В связи с этим воздействие революции было не менее глубоким, и оно не оставило
без внимания ни одну сферу. Революция охватила и изменила политические
институты, разбила классовые структуры в армии, бюрократии и отчасти в
экономике, разлагала, коррумпировала и лишала власти все ещё задававшее тон
дворянство и старые верхние слои и установила в Германии, которая была обязана
и своим очарованием и косностью все тому же запоздалому развитию, ту степень
социальной мобильности и равенства, без которых невозможно современное
индустриальное общество. Нельзя сказать, что эта модернизация была лишь
попутным процессом или тем более шла вразрез с декларированной волей
коричневых революционеров. Восхищение Гитлера техникой его зачарованность
цивилизаторскими процессами были очевидны, и в том, что касается средств, он
мыслил весьма современно, тем более что ему для достижения далеко идущих
целей его господства было нужно рациональное, отлаженно работающее
индустриальное государство.
Структурная революция, которую предпринял режим была, однако,
закамуфлирована декорациями, подчёркнутым почитанием старинного фольклора
и наследия предков немецкое небо оставалось романтически затемнённым. I этом
плане национал-социализм лишь довёл до предельной последовательности
проявившуюся уже в XIX веке склонность маскировать напористую и чуждую
традициям практику прогресса романтическими идеологиями ухода в духовность.

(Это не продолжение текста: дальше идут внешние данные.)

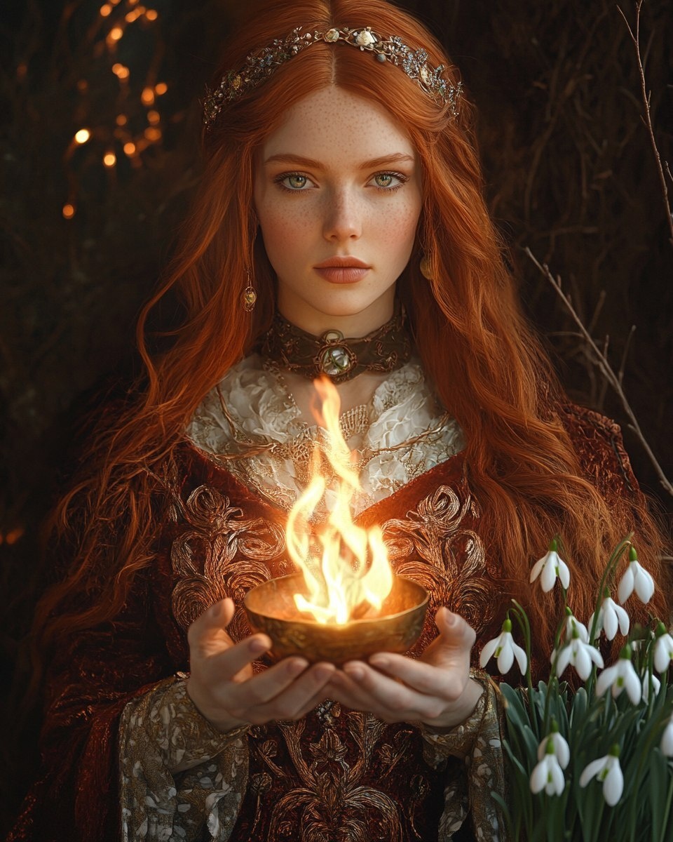Создано на основе запроса: Brigitte - Celtic goddess of fire, crafts and inspiration, beautiful red-haired woman in rich Celtic clothing holding fire in her hands, Imbolc, snowdrops nearby, photoportrait --- Автоперевод: Бриджит - кельтская богиня огня, ремесла и вдохновение, красивая красная женщина в богатой кельтской одежде, держащей огонь в руках, imbolc, подснежники поблизости, Photoportrait Хорошо выглядит? 🤔 https://dzen.ru/id/65c0c65c86e4f837c27b24d7 #ИИ #AI #нейросеть #midjourney #art
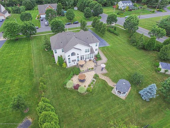 Classic colonial charm describes this North Howell(Freehold PO) home set on almost 1 acre of sprawling lush lawn. The two story foyer with Palladian windows welcomes you. The family room with soaring ceilings and a wall of windows draws you in to relax before the gas fireplace. It is your window to the four seasons and clear starry nights. Large kitchen with breakfast bar and center island provides plenty of counter space for the creative chef in you. Enjoy meals in the adjacent breakfast room which leads out to the paver patio. Enjoy lazy summer nights in the screened gazebo. Formal living room, dining room and office complete the first floor. After a long day retreat to the expansive master suite with private sitting room and en suite bath with soaking tub, double sinks and stall shower

В то время как, например, крестьянство было предметом мечтательного
поклонения, его экономическое положение на глазах ухудшалось, и бегство
деревенских жителей в город достигло, согласно статистики, новой кульминации в
период между 1933 и 1938 годом. Аналогично режим содействовал программам
индустриализации (прежде всего в центральной Германии с её важными в военном
плане химическими предприятиями), урбанизации, которую он одновременно
полемически проклинал, он впервые вовлёк женщин в качестве рабочей силы в
производственный процесс, выступая при этом длинно и многословно против всех
либеральных и марксистских тенденций «омужичивания» женщины. В
противоположность исповедуемому культу традиций «Доверительный доклад»,
относившийся к началу 1936 года, формулировал: «Надо полностью разрушить
взаимосвязь с происхождением. Новые, полностью небывалые формы. Никакого
права личности…».
Чтобы охватить обе ипостаси явления, говорили о «двойной революции»: одной
революции во имя буржуазных норм против буржуазного порядка, другой – во имя
традиции против традиции. «Греющие патриотические души» романтические
декоративные атрибуты были не только цинично используемыми призраками и
мишурой, но и нередко попыткой удержать в мысли или символе то, что в
действительности было безвозвратно утрачено. Во всяком случае, масса
попутчиков именно так принимала идиллическое обрамление идеологии национал-
социализма; суровые экономические и социальные реалии, которые все дальше
удаляли страну от доиндустриального рая, очевидно, не в последнюю очередь
укрепляли самого Гитлера в намерении вновь обрести утраченное на незатронутых
восточных равнинах. В своей секретной речи перед высшими офицерами в январе
1939 года он говорил о муках, о вызывающих боль конфликтах, порождаемых
политическим и общественным прогрессом, как только он сталкивается с теми
«святыми традициями», которые имели право на верность и привязанность людей:
«это всегда были катастрофы, …людям всегда приходилось мучиться… Всегда
приходилось отказываться от дорогих воспоминаний, всегда просто отбрасывалось
в сторону наследие. Уже прошлый век причинил многим сильную боль. Говорят так
легко о мирах, говорят так легко, скажем мы, о других немцах, которых тогда
изгнали. Это было необходимо! Без этого нельзя было обойтись… А потом пришёл
восемнадцатый год и причинил новую сильную боль, и это было необходимо,
наконец наступила наша революция, они сделали все выводы до конца, и это было
необходимо. Иначе не бывает».
Двойственная суть, характеризовавшая национал-социалистическую революцию, в
высокой степени определяла облик режима в целом, придавая ему своеобразную
внешность Януса. Иностранные гости, прибывавшие во все большем числе,
привлечённые «фашистским экспериментом», обнаружили мирную Германию, в
которой поезда ходили, как и прежде, точно по расписанию, страну буржуазной
нормальности, законопослушания и административной справедливости, они были в
такой же мере правы, как и эмигранты, которые горько жаловались на несчастья
собственные и беды их преследуемых и притесняемых друзей.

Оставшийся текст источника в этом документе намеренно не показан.